Auxin induces three genes encoding 1-aminocyclopropane-1-carboxylate synthase in mung bean hypocotyls

Abstract

By screening a cDNA library of auxin-treated mung bean ( Vigna radiata L.) hypocotyls, we have isolated two full-length cDNA clones, pVR-ACS6 and pVR-ACS7, for 1-aminocyclopropane-1-carboxylate (ACQ synthase, the rate-limiting enzyme in the ethylene biosynthetic pathway. While pVR-ACS6 corresponds to the previously identified PCR fragment pMBAl, pVR-ACS7 is a new cDNA clone. pVR-ACS6 is 1867bp long encoding 472 amino acids (Mr = 53.6 kDa), and pVR-ACS7 is a 1840 bp clone encoding 468 amino acids (Mr = 53.1 kDa). The coding regions of pVR-ACS6 and pVR-ACS7 share 81 and 88 % identity at nucleotide and amino acid levels, respectively. Genomic Southern blot analyses suggest the existence of only one copy of ACS6 and ACS7 genes in the mung bean genome. Previously, it was reported that mung bean ACC synthase cDNA clone (pAIM-1) representing ACS1 gene was expressed following auxin treatment. Northern blot analyses were carried out to compare the magnitudes and induction kinetics of the expression of the three genes, ACS1, ACS6 and ACS7 whose expressions are induced by auxin (100 µM IAA) in hypocotyls.
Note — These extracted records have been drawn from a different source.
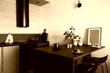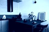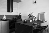Stylish composition of modern small kitchen interior. Black furniture, workspace and dining space with black and light wooden kitchen accessories. Minimalistic masculine concept. Template.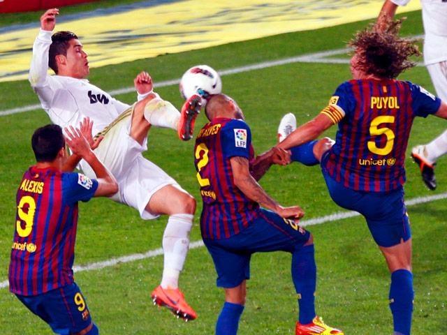 Первая половина матча прошла в обоюдоострых атаках обеих команд. Несмотря на привычно высокий процент владения мячом у "Барселоны", закрепившийся за ней уже с самого начала встречи, первый опасный момент создали все же игроки "Королевского клуба" - на 5-й минуте Криштиану Роналду удался отличный удар головой, после которого голкиперу хозяев Виктору Вальдесу пришлось потрудиться, чтобы вытащить мяч из-под перекладины.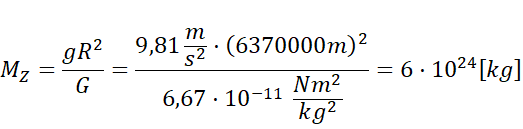 , które jest równością sił w polu centralnym i w polu jednorodnym i oblicz wartość masy Ziemi.
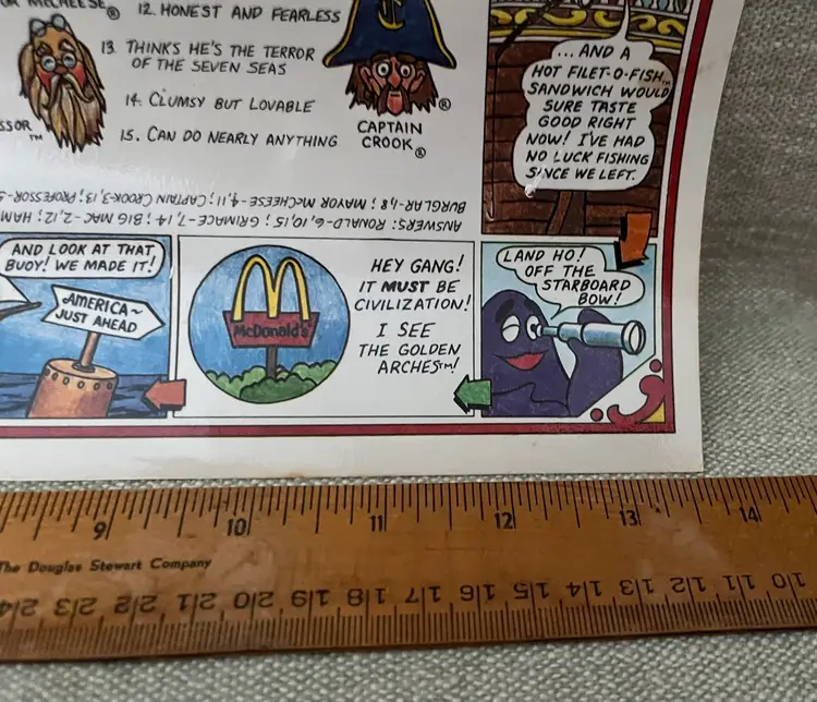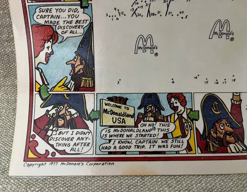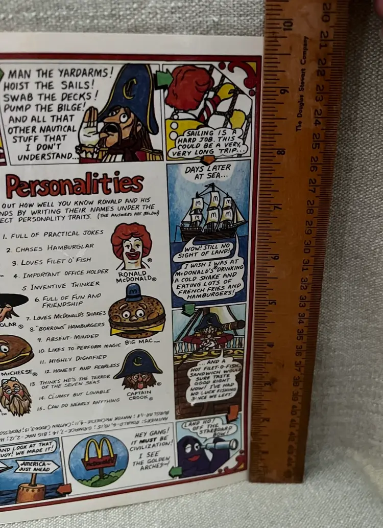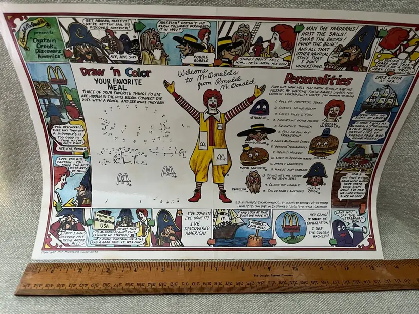 This a 1977 Ronald McDonald Corp activity paper plastic laminate placemat featuring Captain CROOK. This original advertising ephemera piece from McDonald's is a collectible item showcasing the fast-food giant's tie-in with safety education. Made in the United States, the placemat combines paper covered in a thin plastic laminate, making it a unique and nostalgic piece for collectors interested in restaurants and fast-food memorabilia or as a PROP.

Although all three genes are expressed in response to auxin treatment, the level of ACS1 transcript is lower than those of ACS6 and ACS7 transcripts during the entire period of auxin treatment. ACS6 and ACS7 are specifically induced by auxin, while ACS1 is induced by cycloheximide, and to lesser extent by excision and auxin treatment. A comparison of deduced amino acid sequences among auxin-induced ACC synthases reveals that these enzymes share a high degree of homology (65–75 %) to VR-ACS6 and VR-ACS7 polypeptides, but only about 50% to VR-ACS1 polypeptide. These results indicate that ACC synthase is encoded by a multigene family and expression of these genes is differentially regulated by auxin in mung bean hypocotyl tissue.